Regarding organizations’ (EdU) fostering of scenarios for formal university education, this is a fundamental aspect in the formation and training of human talent towards the improvement of their labor competencies (Jaramillo, 2011; Calderón et al., 2011 cited by Saldarriaga, 2013; Kusse et al., 2020; Lechuga et al., 2018). Another factor that makes up the human management model is companies’ investment in human talent (InF) training, development, and welfare. Under this perspective, Obrad and Gherhes (2018) mention socially responsible human talent practices in multinational companies in Romania, in which good working conditions, training (Kusse et al., 2020; Lechuga et al., 2018), healthcare (Lopez, 2021), safety, professional development opportunities (Lopez, 2021), fairness, efficient and transparent communication, employee promotions up the company ladder stand out (Lopez, 2021).
On the other hand, employees’ professional development opportunities (Pro) are a critical factor in job satisfaction (Tarigan et al., 2020; Farrukh et al., 2019; Franco et al., 2017) in agreement with Lopez (2021). Likewise, the conflation of CSR and human talent management has proven to be a fundamental philosophy that results in higher levels of employee engagement, motivation, and performance (Tarigan et al., 2020). This conflation must be based on establishing a management model that allows performing CSR actions systemically (Araque et al., 2016; Uribe, 2018; Uribe, 2020), in this case, through the organization’s human talent management.

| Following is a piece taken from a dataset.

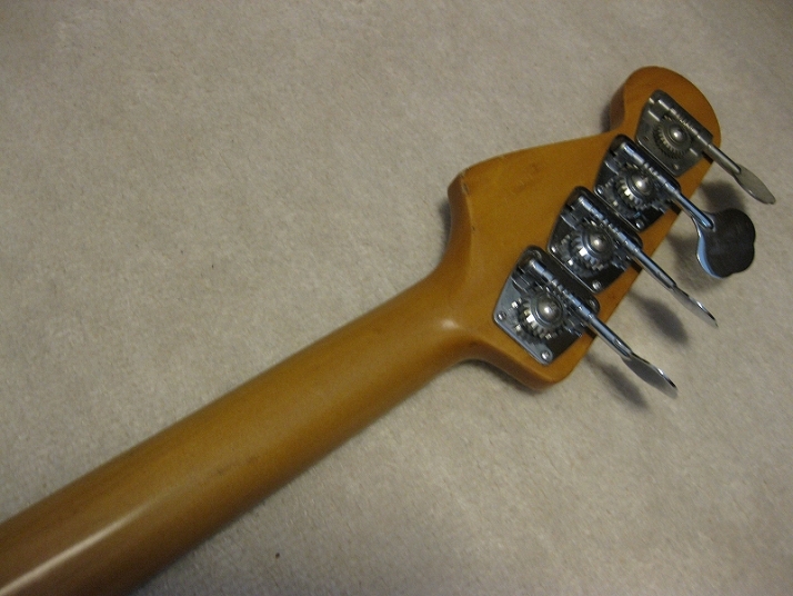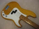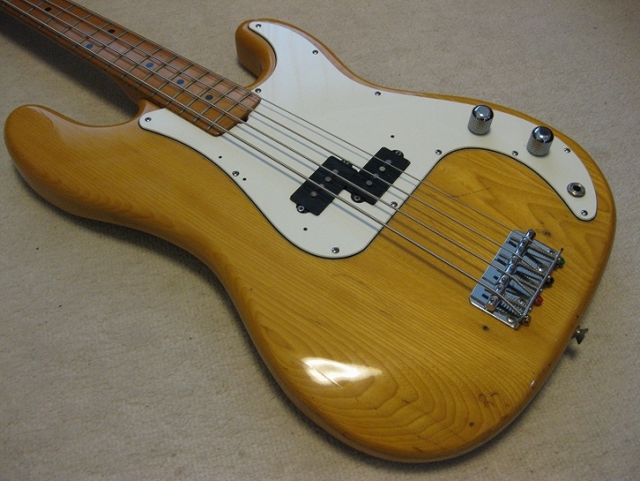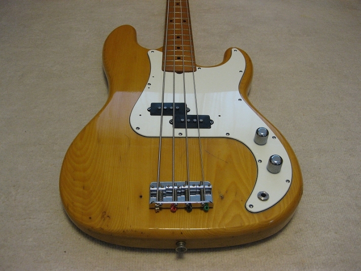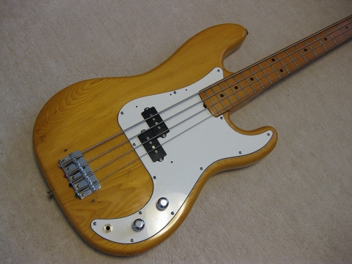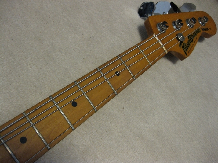 | YAMAHA Pulser Bass Precision Model Late 70 Made Yamaha Pulser Bass made by Kasuga Gakki in 1976-78. When I get this bass, the strings were off, and the electric circuits were damaged. So, I changed the Potentiometers, Switchcraft Jack, Belden wire and Orange drop newly. The neck is straight and no twisting. The truss rod is adjustable. The frets are proper condition (a bit worn). The neck shape is like C as Precision bass. The Nut width is 40.3mm The Sen 2PLY 2-3P body with 4.65g. It is good looking body. There are not really dents and scratches. The metal parts are not really rusted. These looks good. As 30 years old bass, this is generally good condition bass. Well, this is not full original bass, but many new parts on. We are going to ship this bass with used Gig Bag. Please try JV Precision Bass! |

Finally, companies’ knowledge and attitude toward teleological aspects (mission, vision, and corporate values) become fundamental elements in defining the criteria of internal social responsibility (Tarigan, 2020; Farrukh et al., 2019; Franco et al., 2017).
6. Conclusions
Internal social responsibility and human management are multidimensional constructs incapable of being explained from a single perspective. ISR is a complex phenomenon home to many interpretations: for some, it is merely a matter of satisfying labor legislation provisions, while others believe that it should be further reaching, seeking employees’ complete satisfaction regardless of the legislation. The multivariate analysis, concerning factor analysis and structural equations, indicated that the managers of the organizations studied agree that the quality of life at work is essential, represented in fair salaries and compensation, the promotion of higher education, investments in training, development, and human talent welfare, the existence of criteria for employee promotion, the organization’s knowledge about its mission, vision and values towards the implementation of CSR principles and the organization’s knowledge of the meaning of CSR (Tarigan et al., 2020; Farrukh et al., 2019; Franco et al., 2017). Furthermore, their implementation constitutes the fundamental pillars on which the internal Corporate Social Responsibility- Human Resource Management Model approach would have to be cemented.
The study’s findings confirmed the importance of internal social responsibility-based human resources management as a driver of productivity and organizational competitiveness.